Material supplied -

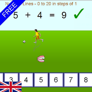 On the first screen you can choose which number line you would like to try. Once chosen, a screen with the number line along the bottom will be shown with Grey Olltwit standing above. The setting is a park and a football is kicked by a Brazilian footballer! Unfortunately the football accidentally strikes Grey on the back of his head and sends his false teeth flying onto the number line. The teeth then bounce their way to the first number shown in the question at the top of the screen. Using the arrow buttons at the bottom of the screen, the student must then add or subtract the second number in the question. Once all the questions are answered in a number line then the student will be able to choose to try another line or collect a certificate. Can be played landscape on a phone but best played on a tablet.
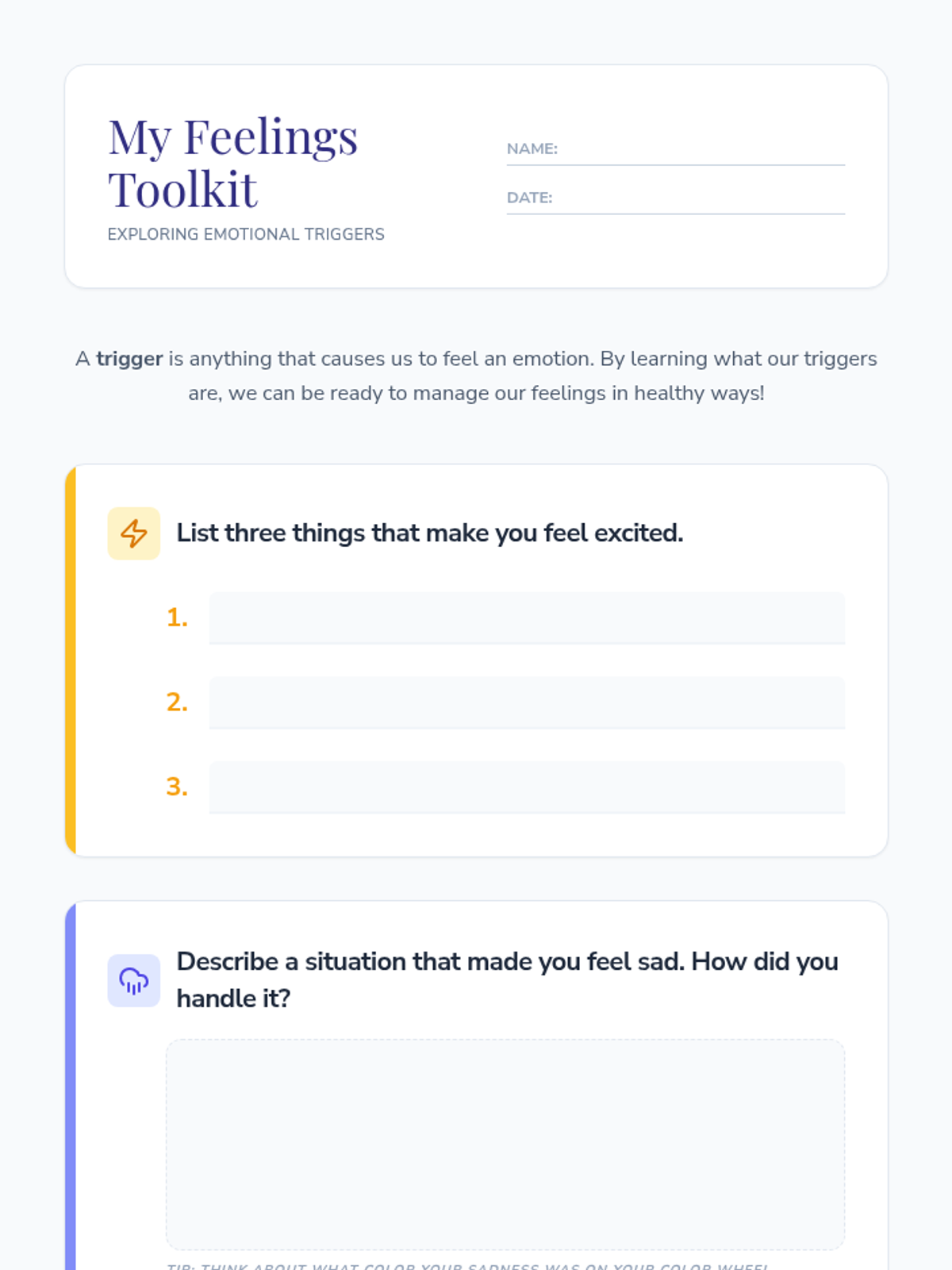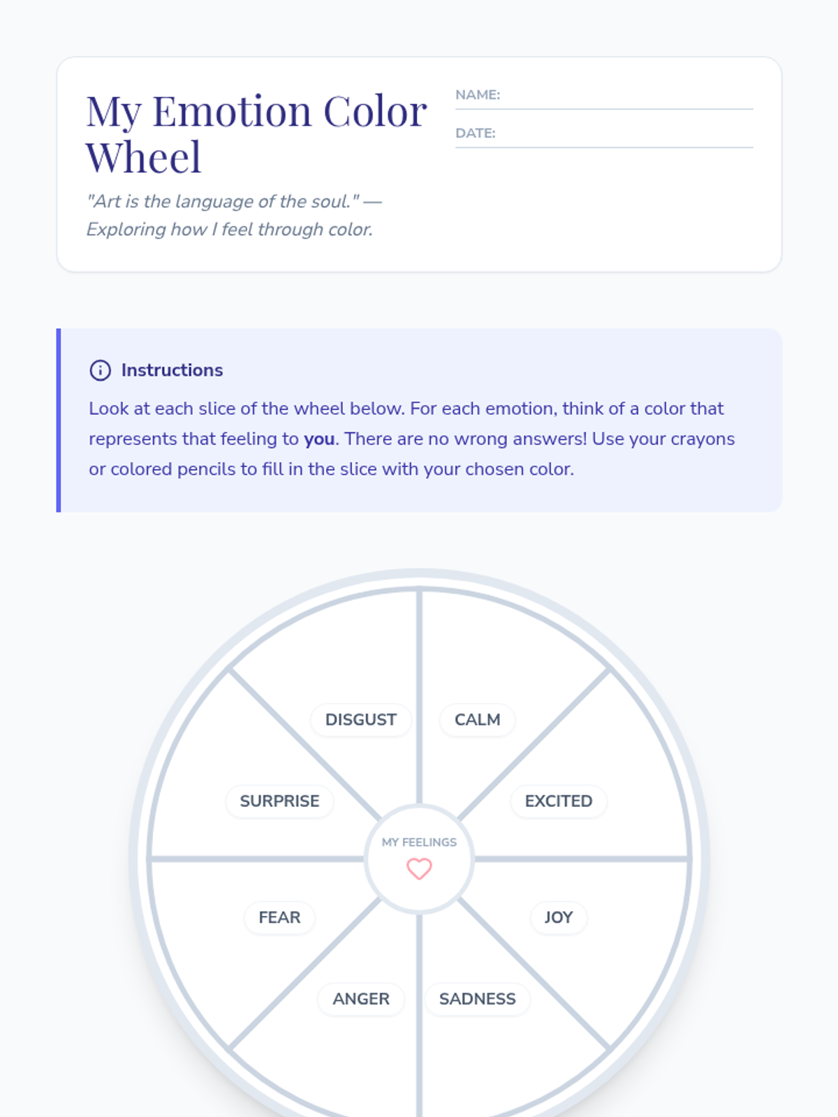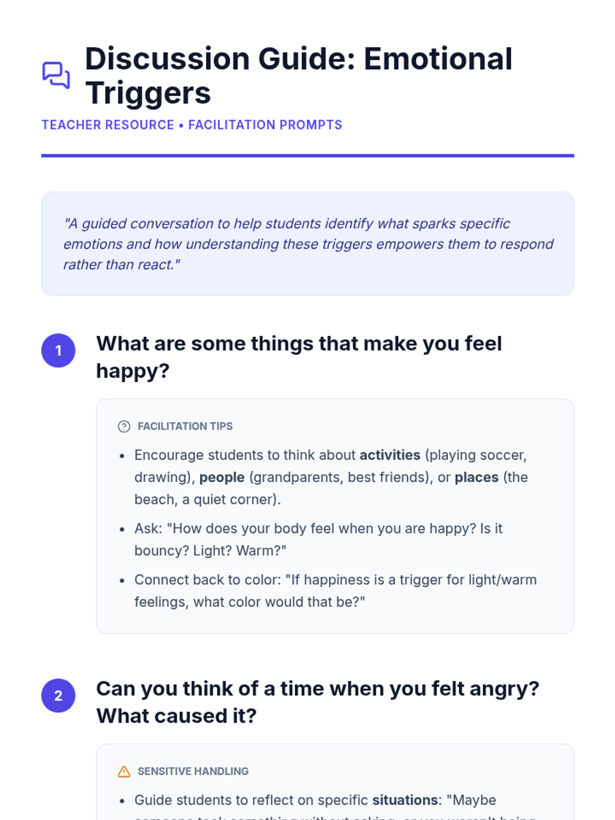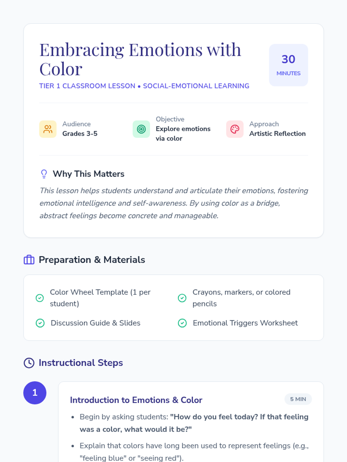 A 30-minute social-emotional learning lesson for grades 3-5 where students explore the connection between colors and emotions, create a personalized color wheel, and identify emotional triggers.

* * *

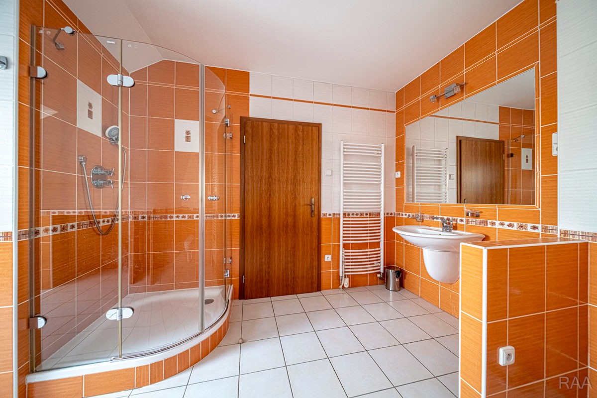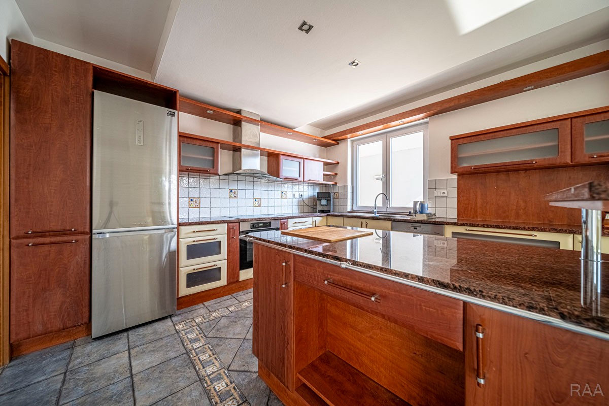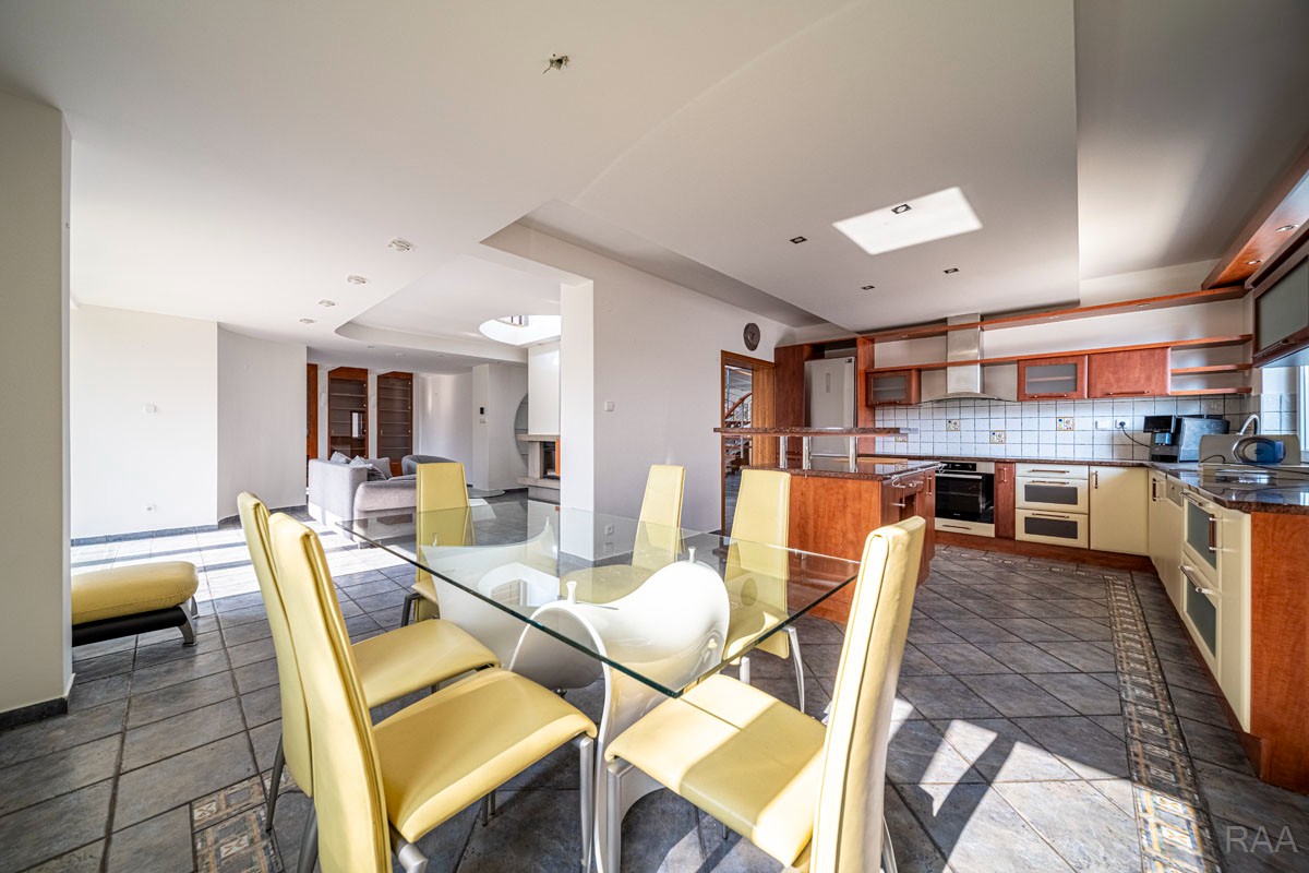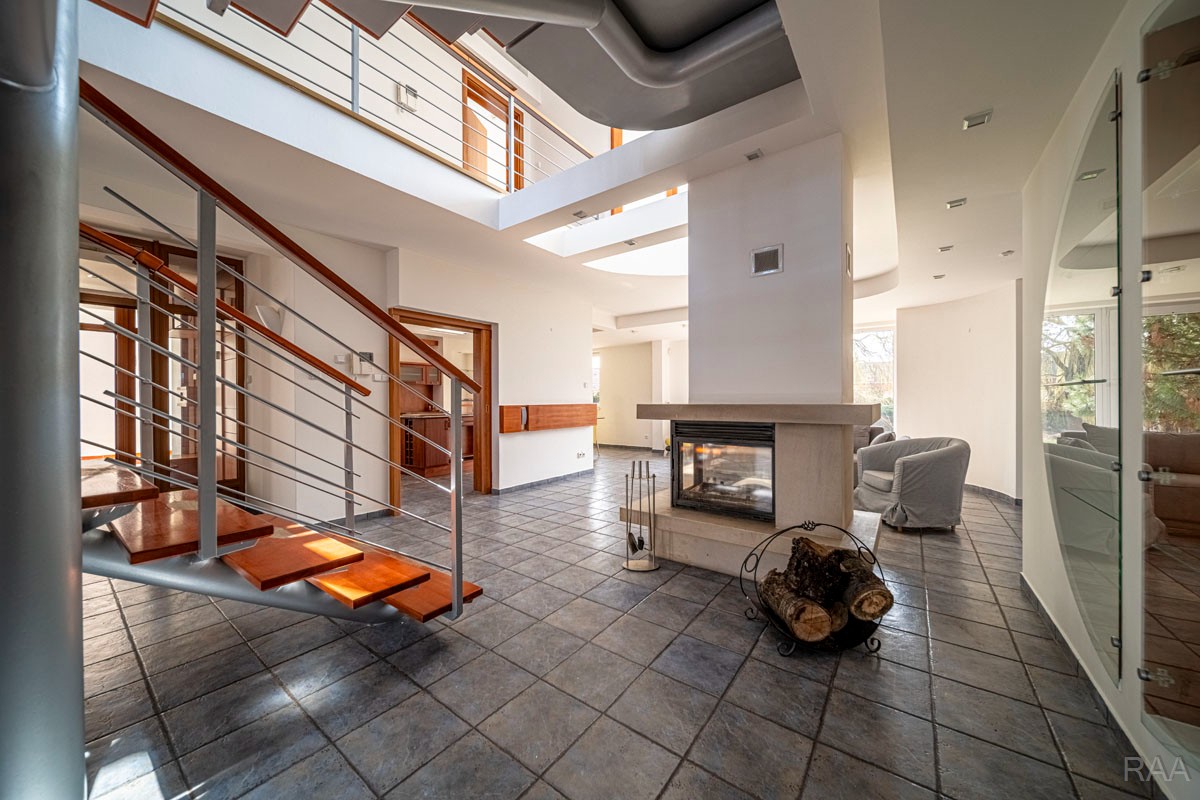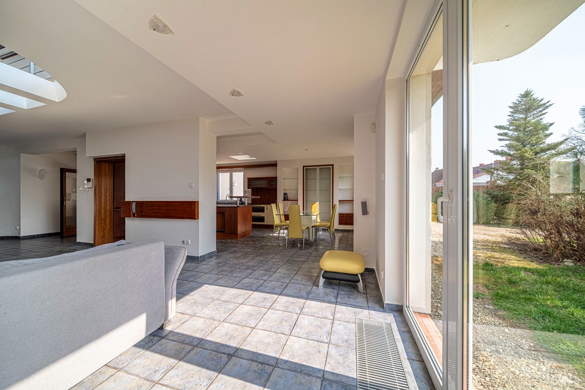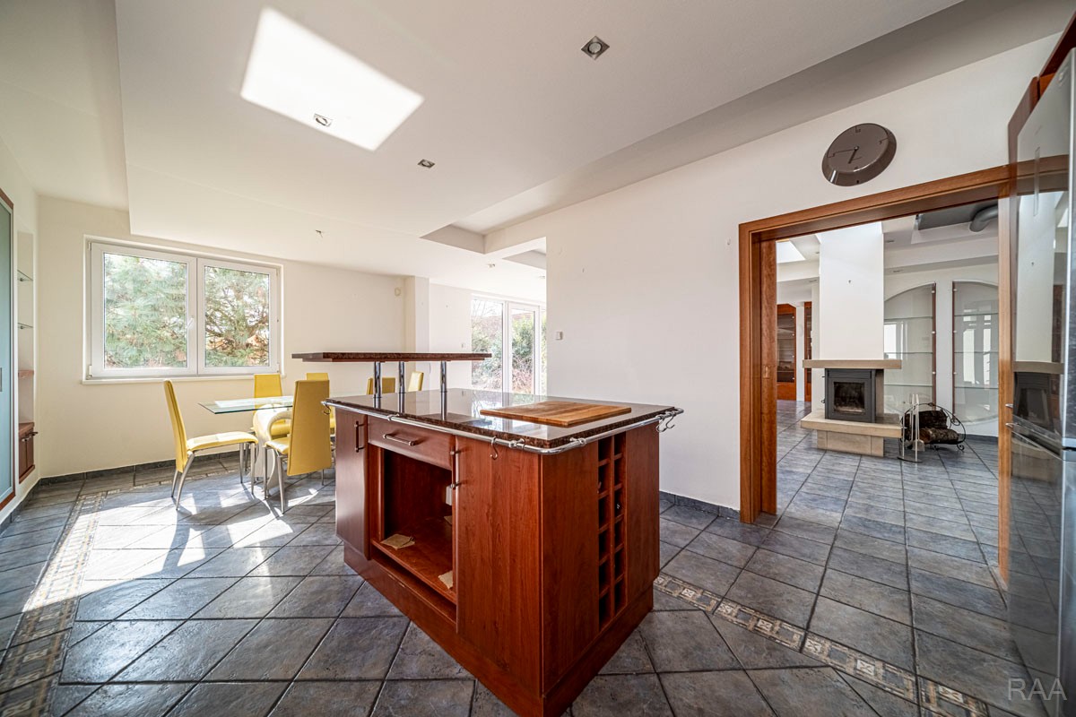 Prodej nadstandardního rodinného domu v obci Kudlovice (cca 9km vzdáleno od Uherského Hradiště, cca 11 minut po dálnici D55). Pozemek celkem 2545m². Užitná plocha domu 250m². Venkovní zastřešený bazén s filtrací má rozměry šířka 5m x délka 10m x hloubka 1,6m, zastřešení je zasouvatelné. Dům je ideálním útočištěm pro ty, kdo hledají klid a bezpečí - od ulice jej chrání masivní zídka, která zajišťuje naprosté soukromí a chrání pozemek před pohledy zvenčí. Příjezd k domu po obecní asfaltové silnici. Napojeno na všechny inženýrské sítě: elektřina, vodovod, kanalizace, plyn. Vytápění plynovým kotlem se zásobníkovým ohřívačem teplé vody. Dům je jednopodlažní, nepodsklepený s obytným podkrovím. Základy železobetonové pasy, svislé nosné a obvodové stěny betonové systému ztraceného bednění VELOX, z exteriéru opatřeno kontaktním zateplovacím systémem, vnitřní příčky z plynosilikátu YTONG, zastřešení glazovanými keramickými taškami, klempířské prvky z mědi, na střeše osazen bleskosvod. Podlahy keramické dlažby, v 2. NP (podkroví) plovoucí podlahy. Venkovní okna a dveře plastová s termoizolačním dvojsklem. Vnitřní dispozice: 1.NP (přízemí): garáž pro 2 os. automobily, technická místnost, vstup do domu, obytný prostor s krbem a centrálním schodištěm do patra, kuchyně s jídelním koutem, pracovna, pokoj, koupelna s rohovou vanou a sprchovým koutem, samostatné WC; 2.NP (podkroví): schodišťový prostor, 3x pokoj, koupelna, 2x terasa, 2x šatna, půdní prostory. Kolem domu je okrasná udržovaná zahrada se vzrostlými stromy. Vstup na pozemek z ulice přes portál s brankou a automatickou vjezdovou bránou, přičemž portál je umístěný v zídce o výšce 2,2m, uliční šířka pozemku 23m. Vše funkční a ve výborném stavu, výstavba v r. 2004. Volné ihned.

Task to carry out -
Although pictures appear among the records above, write out exactly only the lines from the one that has "On the first" through the one that has "A 30-minute social-emotional", and leave the pictures out.

Response to this exercise -
 On the first screen you can choose which number line you would like to try. Once chosen, a screen with the number line along the bottom will be shown with Grey Olltwit standing above. The setting is a park and a football is kicked by a Brazilian footballer! Unfortunately the football accidentally strikes Grey on the back of his head and sends his false teeth flying onto the number line. The teeth then bounce their way to the first number shown in the question at the top of the screen. Using the arrow buttons at the bottom of the screen, the student must then add or subtract the second number in the question. Once all the questions are answered in a number line then the student will be able to choose to try another line or collect a certificate. Can be played landscape on a phone but best played on a tablet.
 A 30-minute social-emotional learning lesson for grades 3-5 where students explore the connection between colors and emotions, create a personalized color wheel, and identify emotional triggers.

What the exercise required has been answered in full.